I wonder if someday, someone will make a movie about Bill Clinton raping Juanita Broaddrick.

    Or this movie?

    Barack Obama & Larry Sinclair: Cocaine, Sex, Lies & Murder?

    “The biggest untold story of the 2008 U.S. Presidential Election… Finally, the no-holds-barred, 100% true story of Barack Obama’s use and sale of cocaine; his homosexual affairs and the December 23, 2007 murder of Barack Obama’s former lover and choir director of Obama’s Chicago church of 20 years, Donald Young, just days before the 2008 Iowa Caucus. This searing candid story begins with Barack Obama meeting Larry Sinclair in November, 1999, and subsequently procuring and selling cocaine, and then engaging in consensual, homosexual sex with Sinclair on November 6th and again on November 7, 1999. You’ll read in riveting detail how Sinclair, in 2007, repeatedly contacted and requested that the Obama campaign simply come clean about their candidate’s 1999 drug use and sales. You learn how the Obama campaign, David Axelrod and Barack Obama used Donald Young (the homosexual lover of Barack Obama) to contact and seek out information from Sinclair about who he had told of Obama’s crimes and actions. You’ll read how the Obama campaign used internet porn king Dan Parisi and Ph.D. fraud Edward I. Gelb to conduct a rigged polygraph exam in an attempt to make the Sinclair story go away. The Obama team and the controlled media – specifically MSNBC’s Chris Matthews, Keith Olbermann, the New York Times, CNN, Politico’s Ben Smith, The DailyKos, The Huffington Post and others – attacked the National Press Club for making its facilities available to Larry Sinclair for a news conference to present his evidence and allegations to the world media. You’ll read how Vice President Joe Biden’s son, Delaware Attorney General Beau Biden, issued an arrest warrant on completely false, fabricated charges to attempt to discredit Mr. Sinclair’s National Press Club news conference. This is a staggeringly true story of how the sitting U.S.President with the help of the Mainstream Media, the Chicago Police Department, the FBI, the Delaware Attorney General and others got away with murder and more….”

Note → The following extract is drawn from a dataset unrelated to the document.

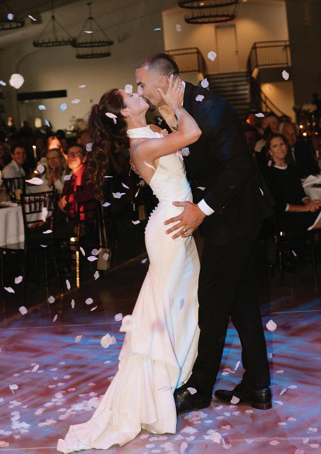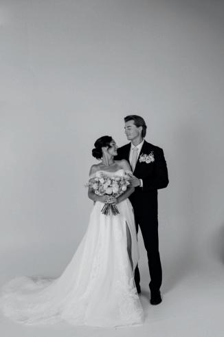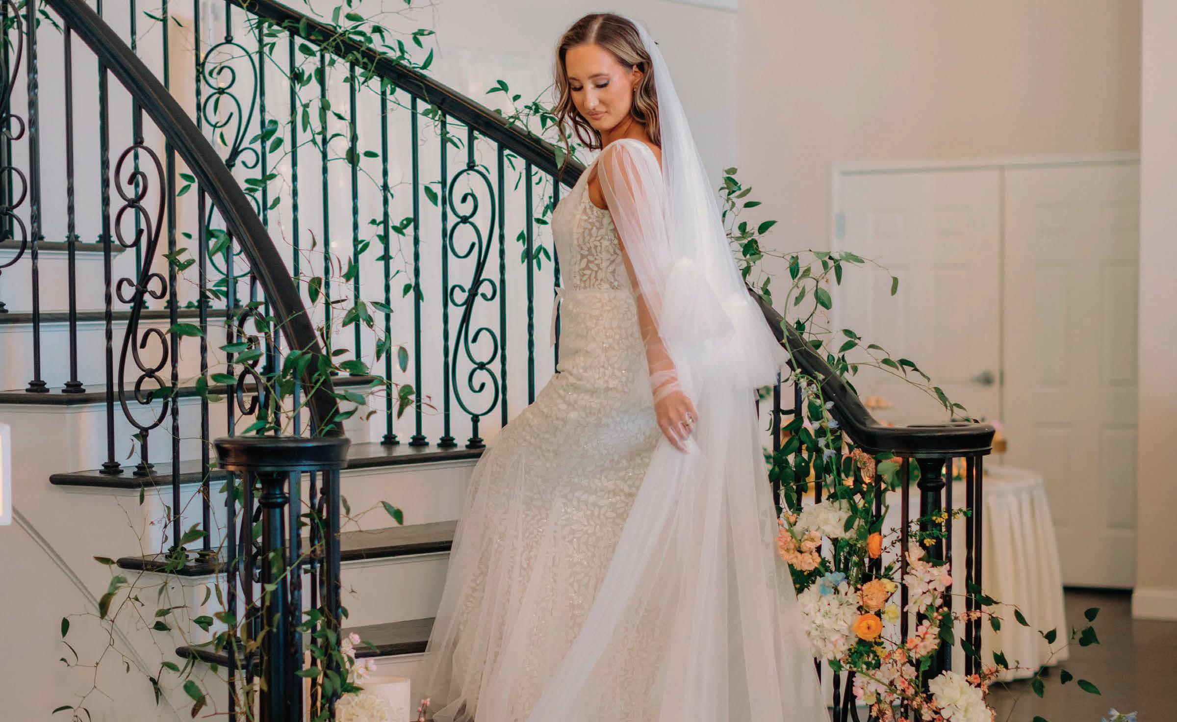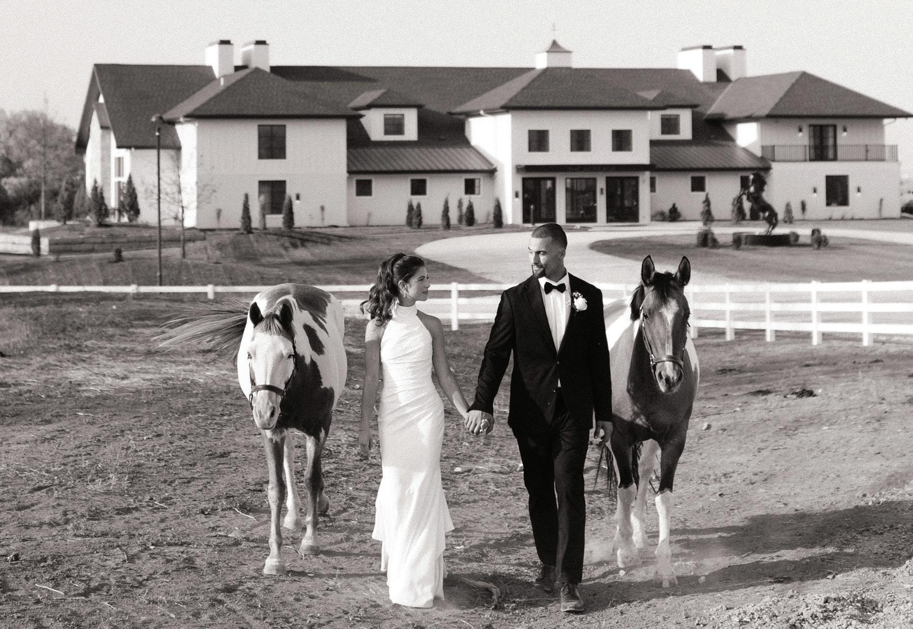 Equestrian elegance meets contemporary chic was the theme of Lydia Robertus and Josh Banderas’ wedding day. Despite attending middle school, high school and college together, romance didn’t bloom until the end of Lydia’s college career when Josh won her over with ice cream at Pioneer Park. After Josh’s sister’s wedding, the couple jokingly said, “We could do this!” and that joke soon became a reality when they decided to create The Acreage together. It only made sense their wedding would be the first celebration to grace the new space. As avid horse riders and animal lovers, they wanted the venue to exude a refined vibe with equestrian flair. “The entire building reflects our interests and time together as a couple,” Lydia says. On the day of their marriage, Lydia traded her cowboy boots for heels and opted for a sleek high-neck gown while the groom chose a classic tux and black hat for the occasion. Cocktail hour was dreamy with a saxophonist serenading guests as they sipped on libations with napkins featuring the couple’s dog and drink stirrers with their three cats on them. A timeless black-and-white palette matched the venue flawlessly with warmth from gold accents and candlelight. White florals decorated the tables and grand steps while minimalist table décor made the space Lydia and Josh worked so hard on shine. A packed dance floor was the perfect ending to their lively nuptials and a perfect start to their life together as husband and wife. — Sydney Stevens
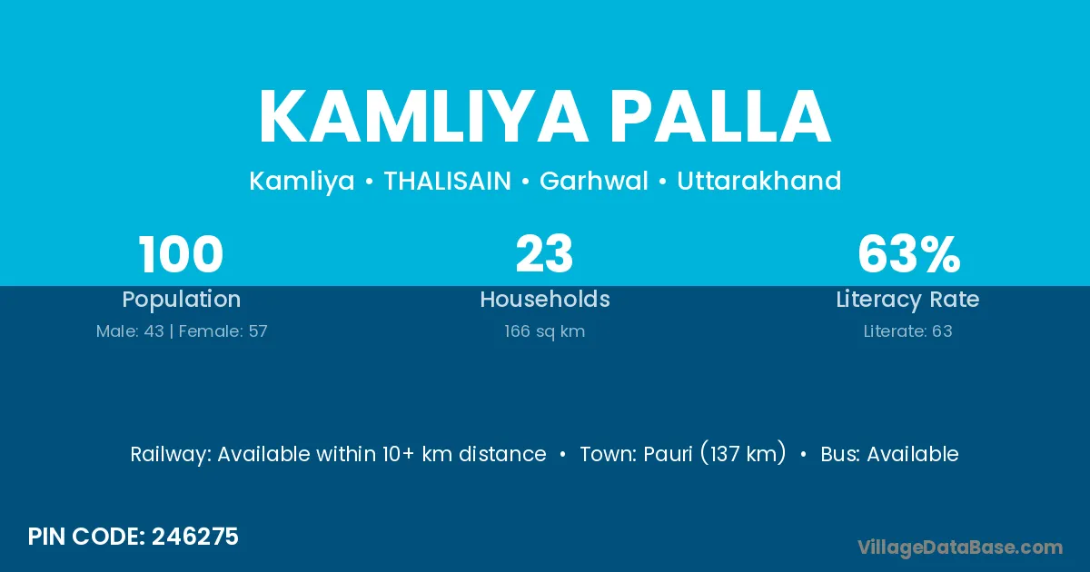 Pauri (137 km) is the nearest town to Kamliya Palla village for major economic activities and is located approximately 137 km away.

    https://www.amazon.com/Barack-Obama-Larry-Sinclair-Cocaine/dp/0578013878

The review is missing an important line:

” Mary Jo Kopechne was unavailable for comment.”

I’ll never forget the woman you told me Teddy Kennedy made amends for Mary Jo by sacrificing his personal life to become a public servant. She was dead serious.

That he served in the Senate for so long and that Hillary rose to the top for their 2016 choice for POTUS speaks loud.

Yet Trump is the end of civilization according to libs.

I am pleasantly surprised by this review, when I first heard of this movie I expected it to be mere hagiography, an attempt by Hollywood to lionize Ted Kennedy. That said, this movie should have been made decades ago but for Hollywood’s political leanings, and only comes out now that Kennedy has been dead almost a decade.

HollywoodInToto.com | April 8, 2018 at 10:39 pm

The movie shrewdly plays it straight. No wacky conspiracy theories, no scenes showing a sloshed Teddy staggering to the Oldsmobile. It makes what follows all the more devastating.

Walker Evans | April 9, 2018 at 3:22 am

I have not seen this flick and have no intention of doing so, but I am curious on one point: did they mention that two people died that night? Mary Jo was pregnant, which has been glossed over by everyone, starting the afternoon following the “accident”.

[sarcasm]
No clue who the father of her basted may have been.
[/sarcasm]

buckeyeminuteman | April 9, 2018 at 10:58 am

It’s too bad Drunken Ted is buried in Arlington. He defiles that sacred ground.